Reputation: 11
Our main table has 92 MBytes with 410k lines. We are joining w/ another table that has 10KBytes and 378 lines. AppEngine Project Number: 897138483898 BigQuery Project Number: 1036887365938
We have a couple of queries. The average response time is 10 sec. w/ an average Max/Min ratio of 6.4. We have regular time-outs. The minimal response times are ok ranging from 1.1 to 5 sec w/ a mean of 3.7 sec.
If we have these variation of response times w/ 92 MB ... what will happen when we use real data?
What can we do?
Klaus
Upvotes: 1
Views: 580
Reputation: 11
thanks so much for your quick answer.
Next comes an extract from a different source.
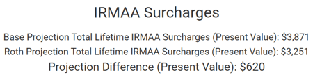 Above, you will see that as a result of the Roth conversions, there is a savings of $4,243 in IRMAA surcharges down the road as a result of reducing the income that is pushed out from future RMDs (Required Minimum Distributions) from those tax-deferred retirement accounts as a result of the Roth conversion. Similar to the Projected Taxes graph, you can also discount the IRMAA Surcharge into a net present value as well by using that same toggle.
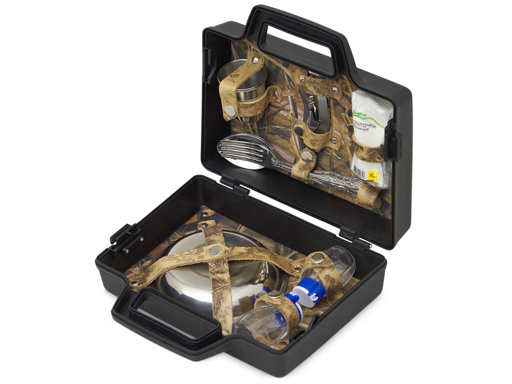 Подарочный набор для пикника. Этот тщательно подобранный комплект идеально подходит для тех, кто ценит качество и удобство во время отдыха на природе. В комплекте: - Тарелки (нерж. сталь)- 2 шт - Вилки (нерж. сталь)- 2 шт - Ложки (нерж. сталь)- 2 шт - Стопка (нерж. сталь)- 2 шт - Штопор- 1 шт - Емкости для соли и перца- 2 шт. - Платочки бумажные- 1 уп. Все аксессуары упакованы в пластиковый кейс и надежно закреплены ремешками из натуральной кожи, что обеспечивает удобство транспортировки и сохранность содержимого.

As you suggested we SELECTed the old table into a new one, deleted the old and SELECTed again using the old name.
The average response time is now 2.2 sec, which is a speed-up of 4.5. The average Max/Min ratio is now 1.9 and thus the response time variation is reduced by a factor of 3.4. The maximal response time is 5 sec. and thus no more time-outs. The minimal response time ranges from 0.8 to 2.7 sec. w/ a mean of 1.6 sec.
Rebuilding a BigQuery seems to reduce the response time variation by 3.4 and speed-up the average response time by 4.5.
That's great! Thanks for your effective and timely help!
Klaus
Upvotes: 0
Reputation: 26617
First, I would like to say that this is much worse performance than I would expect. I looked up your query jobs in the BigQuery logs, and it looks like the issue you're seeing is with a highly-fragmented table. The queries you are doing (or at least one of the slow ones) reference a table that was created in more than 900 separate pieces over 4 days.
BigQuery has a coalesce process that runs periodically to compact tables like this one into fewer chunks, but it has been stalled for a few days. One option you have in the mean time is to copy the table (you can do this via the BigQuery UI, or via a Table Copy job) and use the copied version. This should cause BigQuery to generate a more compact representation.
Also, AppEngine HTTP requests time out after 10 seconds by default. You can increase this value. BigQuery the jobs.query() method also times out after the same time, which can also be increased. (I can look up the reference for how to do both of these if you think it would be helpful).
Upvotes: 1